On Thu, Mar 09, 2023 at 10:48:50AM -0400, Jason Gunthorpe wrote:
> On Thu, Mar 09, 2023 at 01:42:17PM +0000, Jean-Philippe Brucker wrote:
>
> > Although we can keep the alloc and hardware info separate for each IOMMU
> > architecture, we should try to come up with common invalidation methods.
>
> The invalidation language is tightly linked to the actual cache block
> and cache tag in the IOMMU HW design.

Concretely though, what are the incompatibilities between the HW designs?
They all need to remove a range of TLB entries, using some address space
tag. But if there is an actual difference I do need to know.

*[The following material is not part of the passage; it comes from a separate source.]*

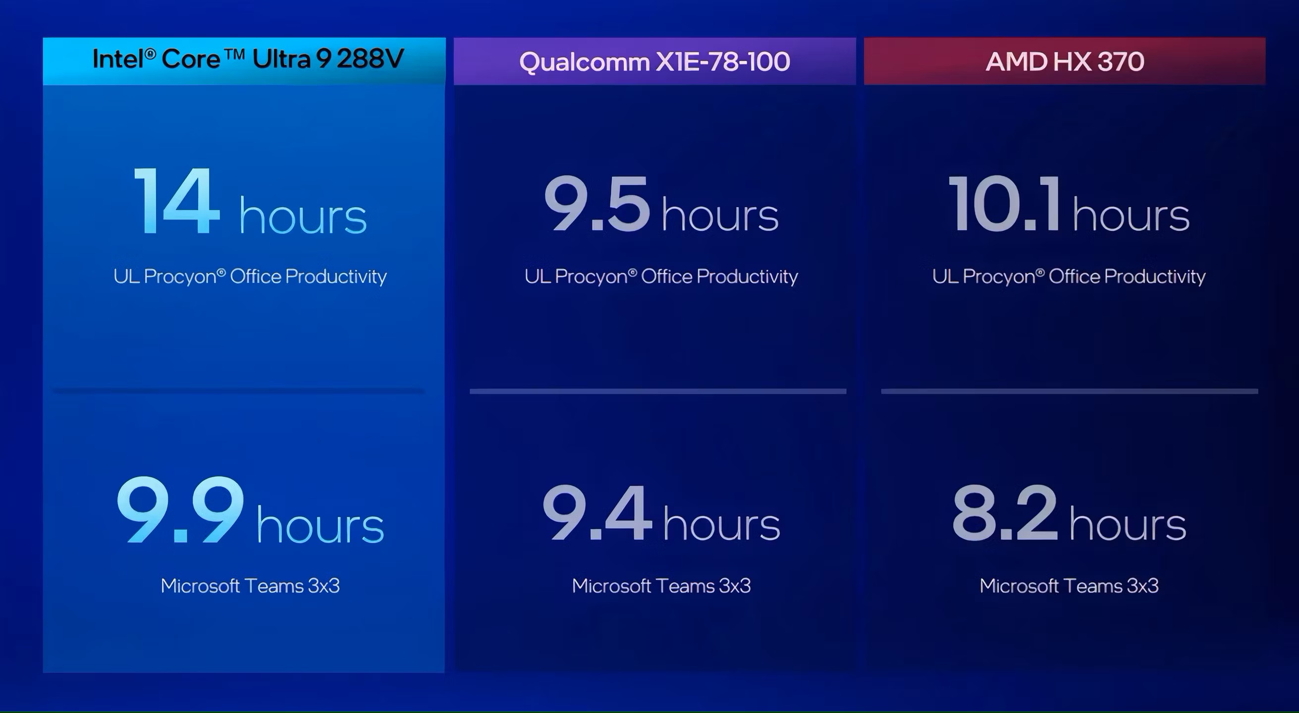 Intel behauptet, dass die neuen Prozessoren den "schnellsten CPU-Kern" und die "beste Leistung für KI" bieten. Im Vergleich zu Konkurrenten wie Qualcomm und AMD wird der Core Ultra 200V bis zu 50 Prozent weniger Stromverbrauch und bis zu 120 TOPS auf CPU und GPU bieten. Es wird erwartet, dass Core Ultra 200V-basierte Geräte bis zu 20 Stunden ohne Aufladen laufen können.

> Generality will loose or
> obfuscate the necessary specificity that is required for creating real
> vIOMMUs.
>
> Further, invalidation is a fast path, it is crazy to take a vIOMMU of
> a real HW receving a native invalidation request, mangle it to some
> obfuscated kernel version and then de-mangle it again in the kernel
> driver. IMHO ideally qemu will simply point the invalidation at the
> WQE in the SW vIOMMU command queue and invoke the ioctl. (Nicolin, we
> should check more into this)

Avoiding copying a few bytes won't make up for the extra context switches
to userspace. An emulated IOMMU can easily decode commands and translate
them to generic kernel structures, in a handful of CPU cycles, just like
they decode STEs. It's what they do, and it's the opposite of obfuscation.

>
> The purpose of these interfaces is to support high performance full
> functionality vIOMMUs of the real HW, we should not loose sight of
> that goal.
>
> We are actually planning to go futher and expose direct invalidation
> work queues complete with HW doorbells to userspace. This obviously
> must be in native HW format.

Doesn't seem relevant since direct access to command queue wouldn't use
this struct.

>
> Nicolin, I think we should tweak the uAPI here so that the
> invalidation opaque data has a format tagged on its own, instead of
> re-using the HWPT tag. Ie you can have a ARM SMMUv3 invalidate type
> tag and also a virtio-viommu invalidate type tag.
>
> This will allow Jean to put the invalidation decoding in the iommu
> drivers if we think that is the right direction. virtio can
> standardize it as a "HW format".
>
> > Ideally I'd like something like this for vhost-iommu:
> >
> > * slow path through userspace for complex requests like attach-table and
> > probe, where the VMM can decode arch-specific information and translate
> > them to iommufd and vhost-iommu ioctls to update the configuration.
> >
> > * fast path within the kernel for performance-critical requests like
> > invalidate, page request and response. It would be absurd for the
> > vhost-iommu driver to translate generic invalidation requests from the
> > guest into arch-specific commands with special opcodes, when the next
> > step is calling the IOMMU driver which does that for free.
>
> Someone has to do the conversion. If you don't think virito should do
> it then I'd be OK to add a type tag for virtio format invalidation and
> put it in the IOMMU driver.

Implementing two invalidation formats in each IOMMU driver does not seem
practical.

>
> But given virtio overall already has to know *alot* about how the HW
> it is wrapping works I don't think it is necessarily absurd for virtio
> to do the conversion. I'd like to evaluate this in patches in context
> with how much other unique HW code ends up in kernel-side vhost-iommu.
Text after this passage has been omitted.